The bureau, part of the Justice Department, has been tarnished before by botched operations, including the deadly 1993 raid on the compound of the Branch Davidian cult near Waco, Tex.

It regularly clashes with the National Rifle Association, one of Washington’s strongest lobbying powers, whose leader has called the bureau a “rogue” agency.

Even the bureau’s defenders concede that it is ineffective, and they say that’s why it has resorted to operations such as Fast and Furious, which was intended to lead agents to bigger criminal targets.

These critics say the NRA is the source of the problems, maintaining that the gun lobby for years has coaxed Congress to limit the government’s gun control powers.

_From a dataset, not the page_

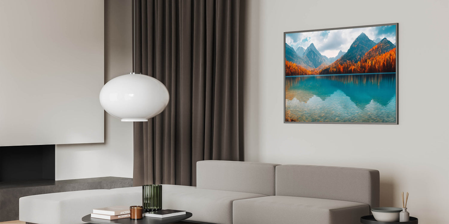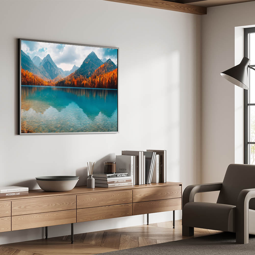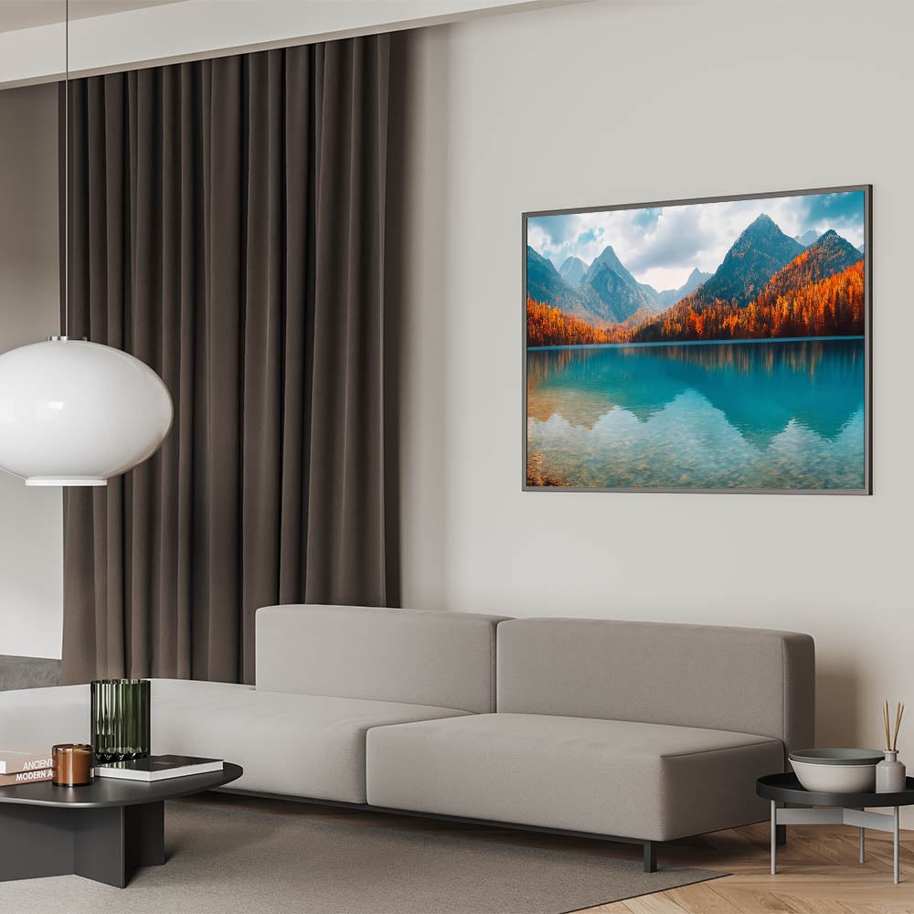 Enhance your wall decor with this nature-inspired lake print, perfect for creating a cozy and inviting atmosphere. This autumn lake scene adds warmth and elegance to any setting, making it a must-have for those who appreciate the beauty of the outdoors.

As the Times notes, the bureau is barred from conducting more than one unannounced inspection of a gun dealer per year and is restricted in its ability to revoke the licenses of dealers who break the law. The bureau also has been blocked from keeping a centralized computer database of gun transactions, which advocates say would make it easier to trace weapons.

Ideas about how to make improvements vary widely and range from beefing the agency’s powers to merging it into the FBI.

Meanwhile, amid the long-running debate and controversy, the agency hasn’t had a permanent director in five years, and the current acting director, Kenneth E. Melson, is at risk of losing his job over the Fast and Furious scandal.